(DEPRECATED) Apache Flink Mailing List archive.

Benchmarks of Flink, supporting Flink in BigDataBench

Classic

List

Threaded

4 messages Options

Xinhui Tian

Benchmarks of Flink, supporting Flink in BigDataBench

Hello, everyone.

I'm a PhD student from the Institute of Computing Technology, Chinese Academy of Sciences. Our team has released a benchmark for big data systems called BigDataBench, which has become an industry-standard big data benchmark in China. You can find our work on this website: http://prof.ict.ac.cn/BigDataBench/

We are now planning to support Flink in our benchmark, which could provide a set of workloads on different domains and an objective comparison with systems such as Spark and Hadoop. But we are new to this system, so we are asking for your advice about benchmark design. The first thing is to decide what workloads should be added to our benchmark and which domain we should pay more attention.

The attachment is a preliminary plan, which lists some workloads that have already been implemented in the Spark version. We plan to first implement these workloads on Flink, and evalute these two systems. Does anyone have some adivce for this list? We will be very grateful for any idea.
BigDataBench_for_Flink.docx

Thanks ;)

Stephan Ewen

Re: Benchmarks of Flink, supporting Flink in BigDataBench

Hi!

Thanks for reaching out and adding Flink to BigDataBench.

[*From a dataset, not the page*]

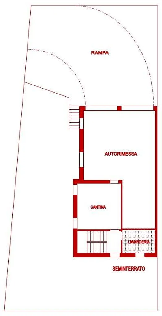 Piano seminterrato - Taverna, Lavanderia, cantina e ampia autorimessa.

The plan you sent looks like a nice first draft. It is pretty much batch
jobs. Here are a few ideas what you could add as batch jobs:

- Joins are something people seem do a lot with these systems, so a 2-3
table join would be a nice addition

- For batch algorithms, it is often interesting to scale them beyond
memory (we have seen that a lot from users)

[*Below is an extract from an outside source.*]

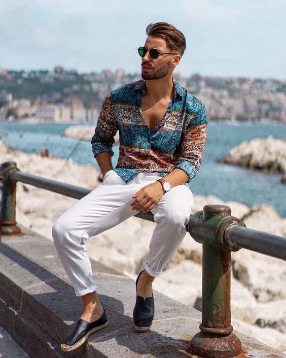 A combinação clássica branca entre as peças ainda será uma das mais escolhidas, até mesmo nos visuais masculinos. Assim vale apostar em uma camisa social, caso o evento seja mais formal ou então uma camiseta mais fresca com a coloração. Bermudas brancas também serão super bem-vindas.

- For graph algorithms, you can try incremental versions (see here:
http://data-artisans.com/data-analysis-with-flink.html)

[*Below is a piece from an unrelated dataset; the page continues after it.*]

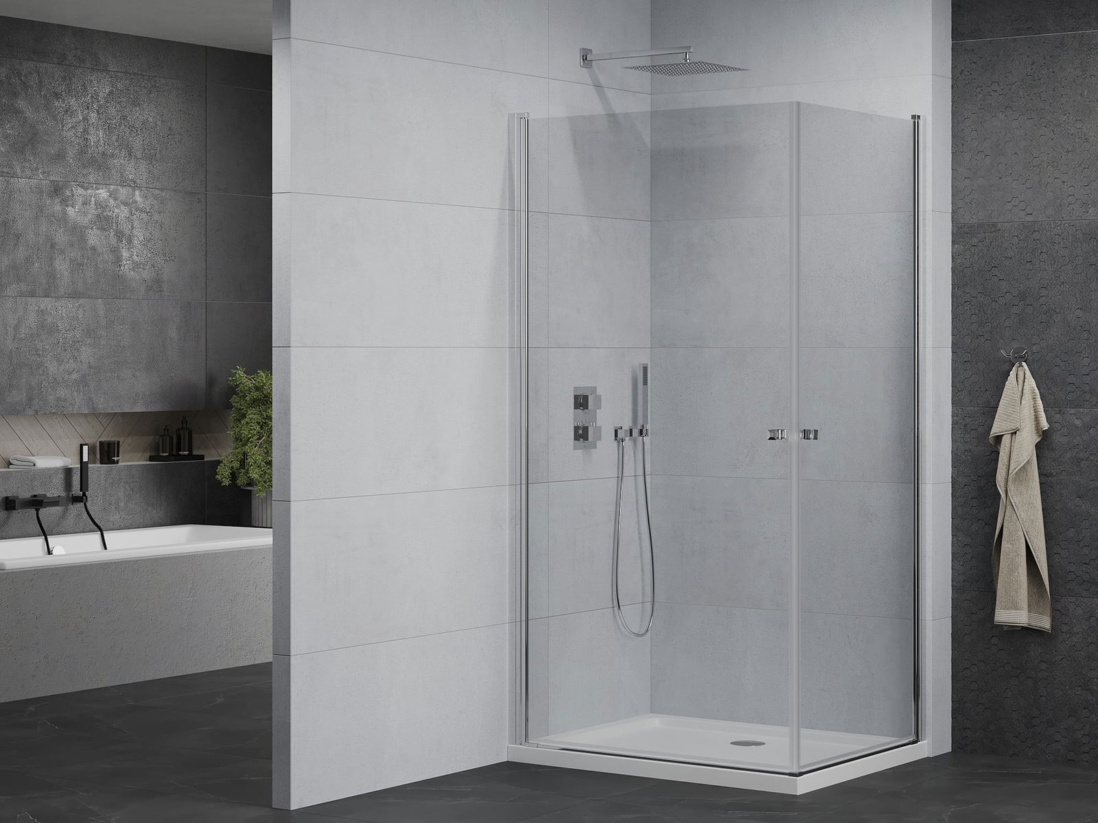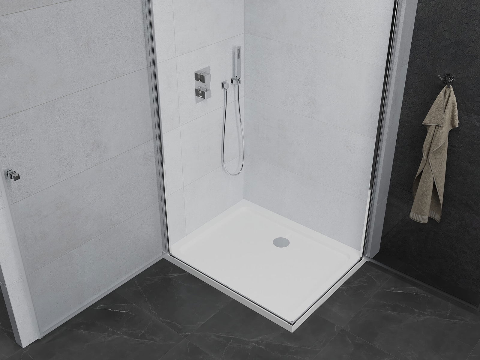 La poignée pratique et confortable est fabriquée en métal durable et résistant. Sa forme à la mode, combinée à une finition assortie à la couleur des profilés, donne à l'ensemble un aspect moderne et stylé, soulignant l'esthétique de chaque salle de bain.

On the streaming side, it is harder, as the systems are very different
there and bot every system can do everything.
For Flink, some ideas would be:
- Streaming Grep
- Streaming pattern detection (see
https://github.com/StephanEwen/flink-demos/tree/master/streaming-state-machine
)
- Streaming word count
- For streaming Jobs, it is often interesting to play with enabled /
disabled fault tolerance

A few generic comments on Flink, for performance testing.

- The Java API is usually slightly faster then the Scala API, but only by
a bit
- Tuples (Java) and case classes (Scala) usually beat POJOs in performance.
- If your implementation allows it, turning on "objectReuseMode()" can
gain some performance.
- If you implement sorting / Tera sort, have a look here, for how to make
sure that Flink handles the Hadoop types efficiently
http://eastcirclek.blogspot.kr/2015/06/terasort-for-spark-and-flink-with-range.html

Greetings,
Stephan

On Mon, Jul 20, 2015 at 9:47 AM, Xinhui Tian <[hidden email]> wrote:

> Hello, everyone.
>
> I'm a PhD student from the Institute of Computing Technology, Chinese
> Academy of Sciences. Our team has released a benchmark for big data systems
> called BigDataBench, which has become an industry-standard big data
> benchmark in China. You can find our work on this website:
> http://prof.ict.ac.cn/BigDataBench/
>
> We are now planning to support Flink in our benchmark, which could provide
> a
> set of workloads on different domains and an objective comparison with
> systems such as Spark and Hadoop. But we are new to this system, so we are
> asking for your advice about benchmark design. The first thing is to decide
> what workloads should be added to our benchmark and which domain we should
> pay more attention.
>
> The attachment is a preliminary plan, which lists some workloads that have
> already been implemented in the Spark version. We plan to first implement
> these workloads on Flink, and evalute these two systems. Does anyone have
> some adivce for this list? We will be very grateful for any idea.
> BigDataBench_for_Flink.docx
> <
> http://apache-flink-mailing-list-archive.1008284.n3.nabble.com/file/n7079/BigDataBench_for_Flink.docx
> >
>
> Thanks ;)
>
>
>
> --
> View this message in context:
> http://apache-flink-mailing-list-archive.1008284.n3.nabble.com/Benchmarks-of-Flink-supporting-Flink-in-BigDataBench-tp7079.html
> Sent from the Apache Flink Mailing List archive. mailing list archive at
> Nabble.com.
>

Fabian Hueske-2

Re: Benchmarks of Flink, supporting Flink in BigDataBench

Hi,

welcome to the Flink community and thanks for including Flink into your
benchmark suite! That's really exciting news :-)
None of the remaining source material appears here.